Behind enemy lines, Ukrainian woman survives with her chickens

By Zohra Bensemra and Joseph Campbell

BORODYANKA, Ukraine (Reuters) – After surviving World War Two and the fall of the Soviet Union, among other seismic events, Zinaida Makishaiva now has her chickens to thank for getting through her most recent ordeal – the brief but brutal occupation of her town by Russian troops.

The 82-year-old was not too shaken when Russian tanks first showed up in early March in Borodyanka, northwest of the Ukrainian capital Kyiv, but then Grad missiles smashed into her home, destroying her chicken coop.

A neighbour next door was killed by shelling. And then Russian troops began to visit every day.

Her daily routines, established since early childhood when she started “rural work”, were soon punctured by shelling and missile attacks.

“Scared doesn’t fully describe how I felt. I felt dead, senseless… I didn’t have time to bring logs because of the shelling, small and big. That’s how they destroyed all those houses… What I know is: one missile – no house,” said Makishaiva, who spent much of her life in Ukraine’s Black Sea port city of Odesa.

“The doors were blown out. I took the chickens in because I needed something to eat. I didn’t have anything to eat except for potatoes, just that. There is no water, no gas, nothing.”

The Russian troops came in three waves, she said, the first being the most violent. One day several soldiers entered her house, demanding that she stay in the cellar.

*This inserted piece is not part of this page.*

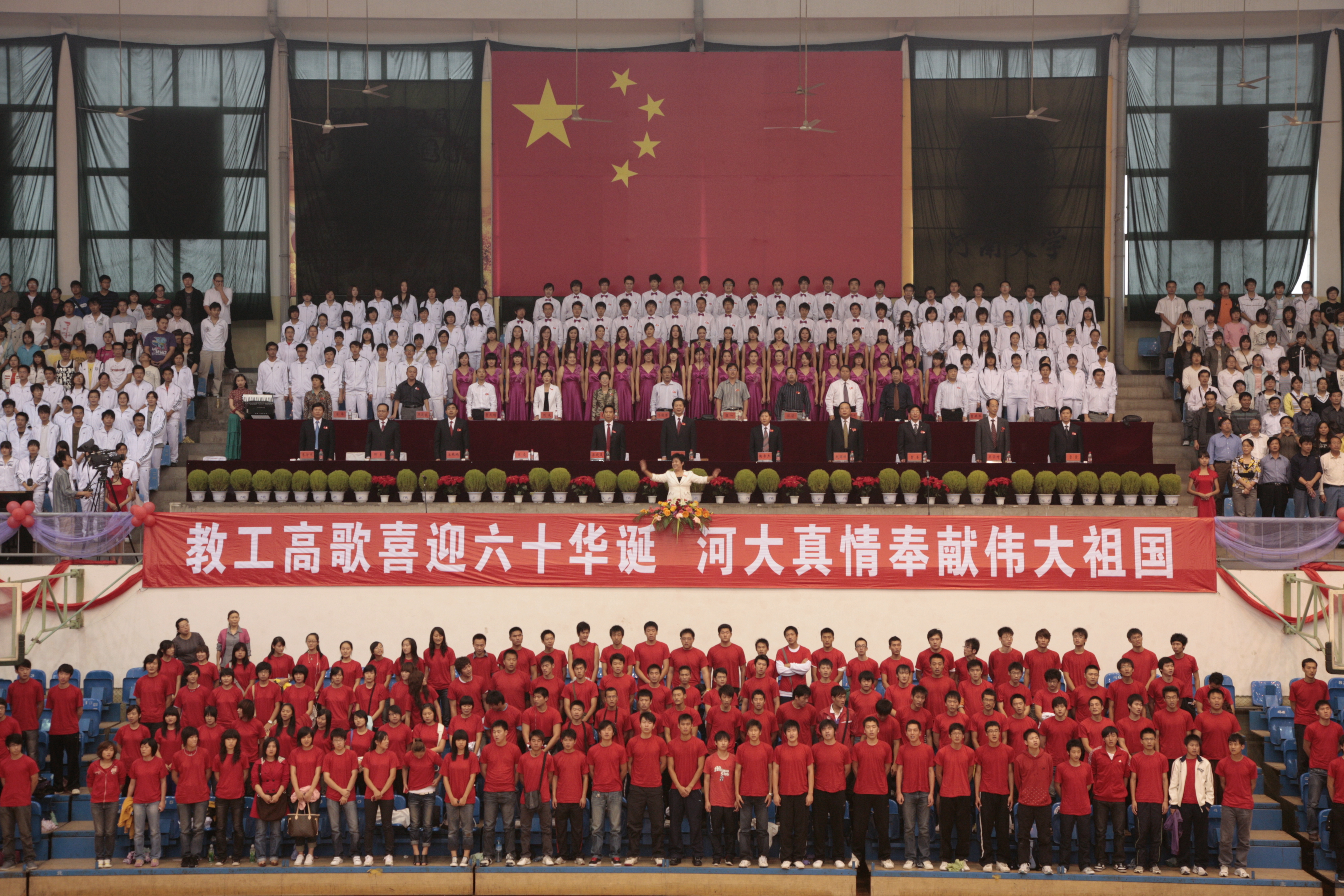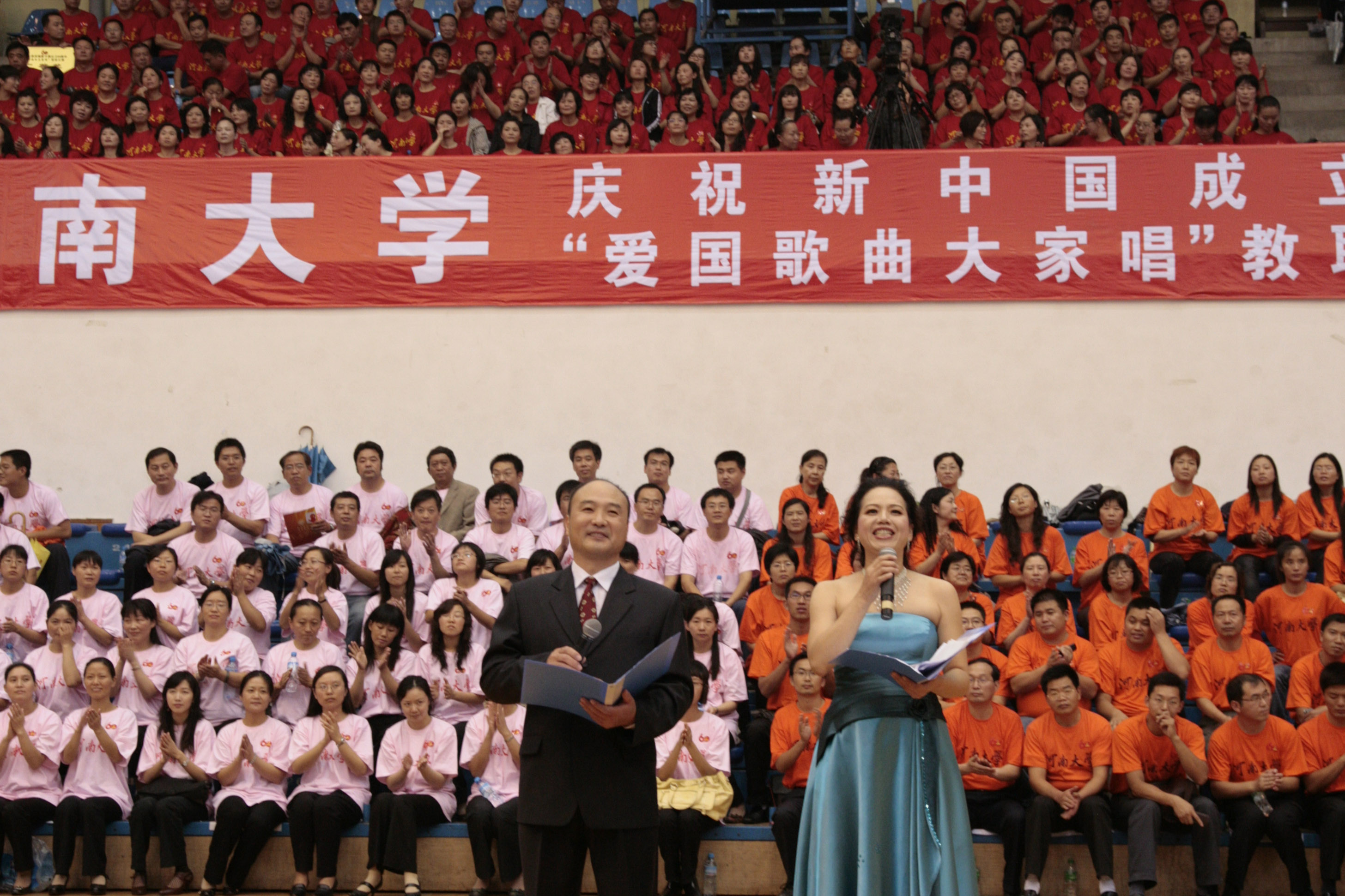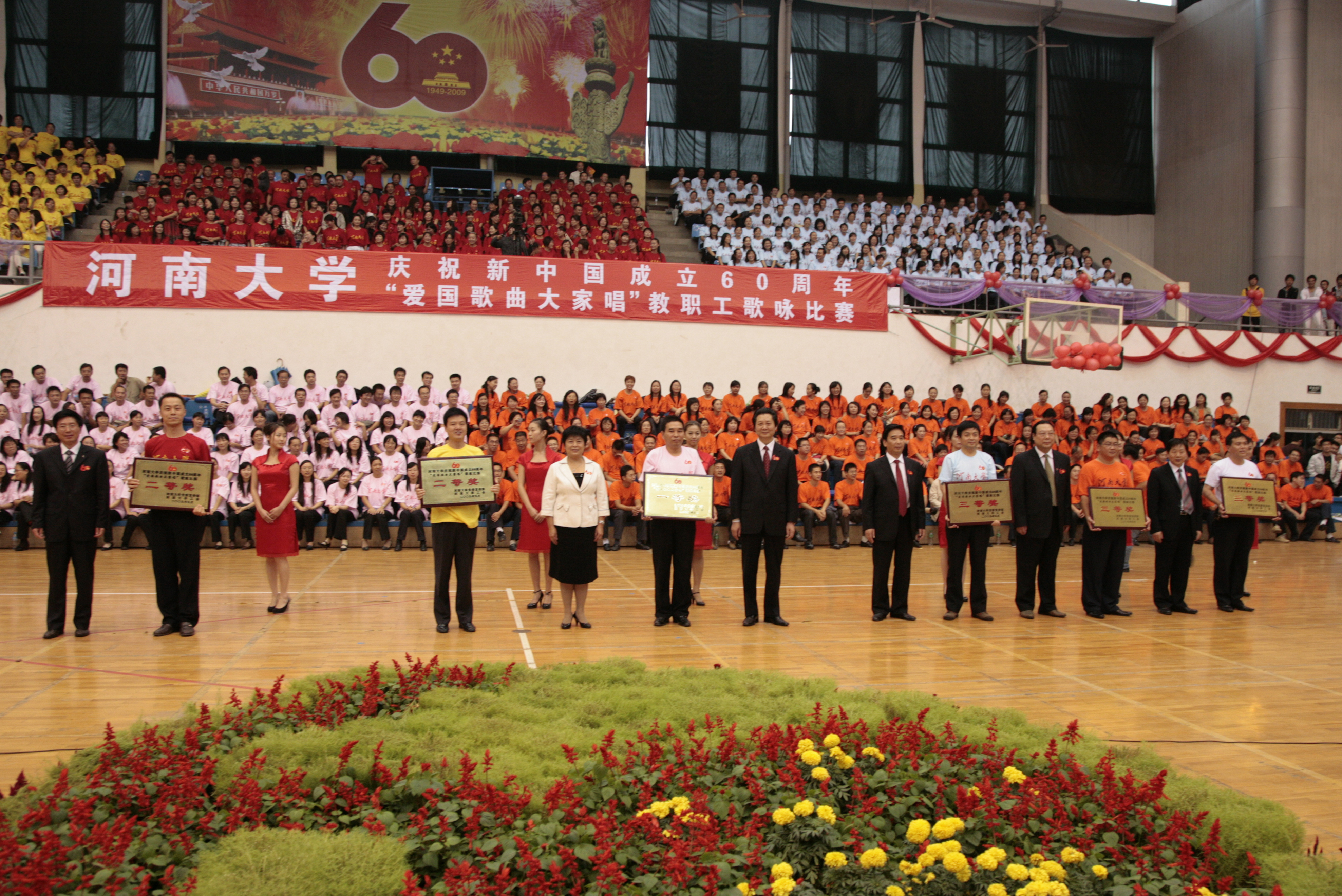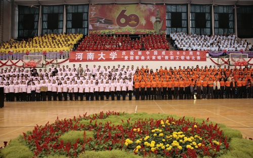 9月24日下午,明伦校区体育馆内歌声飞扬。由校党委宣传部、校工会组织的河南大学庆祝新中国成立60周年“爱国歌曲大家唱”教职工歌咏比赛在这里隆重举行。来自学校各单位的合唱队员组成6个参赛方阵竞相放歌,同唱“共产党好、社会主义好、改革开放好、伟大祖国好、各族人民好”的主旋律,为庆祝新中国60华诞倾情献礼。开封市人大党组成员、市总工会党组书记、工会主席陶书杰,开封市教育工会主任李汴军和我校领导娄源功、梁晓夏、赵国祥、王凌、曹奎、宋纯鹏、关学增、邢勇、雷霆在主席台就坐。校工会副主席娄素君、党委宣传部副部长刘波、艺术学院党委书记马俊芳与六个参赛队的代表共同出任评委,校党委副书记、工会主席王凌,党委宣传部部长李文山, 校工会副主席曹亚军担任仲裁。

“‘Get in the cellar, you old bitch!’ (the Russian troops said). I told them: ‘Kill me, but I won’t go’,” said Makishaiva.

EGGS

During the days of occupation, Makishaiva braved crossfire to fetch pails of water from a nearby well.

When food was scarce, she still had the eggs laid by her own chickens. Her family was far away, as her one son and three grandchildren live in different parts of the country.

Since Borodyanka was retaken by Ukrainian forces over a week ago, Makishaiva, who used to love dancing the waltz when she was younger, walks more than three hours a day, past shattered buildings and wrecked Russian tanks, to collect whatever food aid is available at the town’s community centre or church.

Thirty days of sleepless nights are now a thing of the past, with the help of the herb valerian.

“It’s calmer now, we have radio again. There was nothing for a month, I felt deaf, no conversations, except with my dogs and cat,” she said.

“Now when the radio says it’s midnight, I take some valerian and sleep soundly until 5. The dreams are better now, more happiness. Because it was so bad before, so many people died. It was frightening.”

“What God decides will happen. I’ve been through two wars and now this. I pray that this has passed and the fighting won’t come back again,” Makishaiva said.

Russia sent tens of thousands of troops into Ukraine on Feb. 24 in what it called “a special operation” to demilitarise and “denazify” its southern neighbour.

Kyiv and its Western backers say this is a pretext for an act of unprovoked aggression. Ukrainian forces have mounted stiff resistance to the invasion and the West has imposed sweeping economic sanctions on Russia.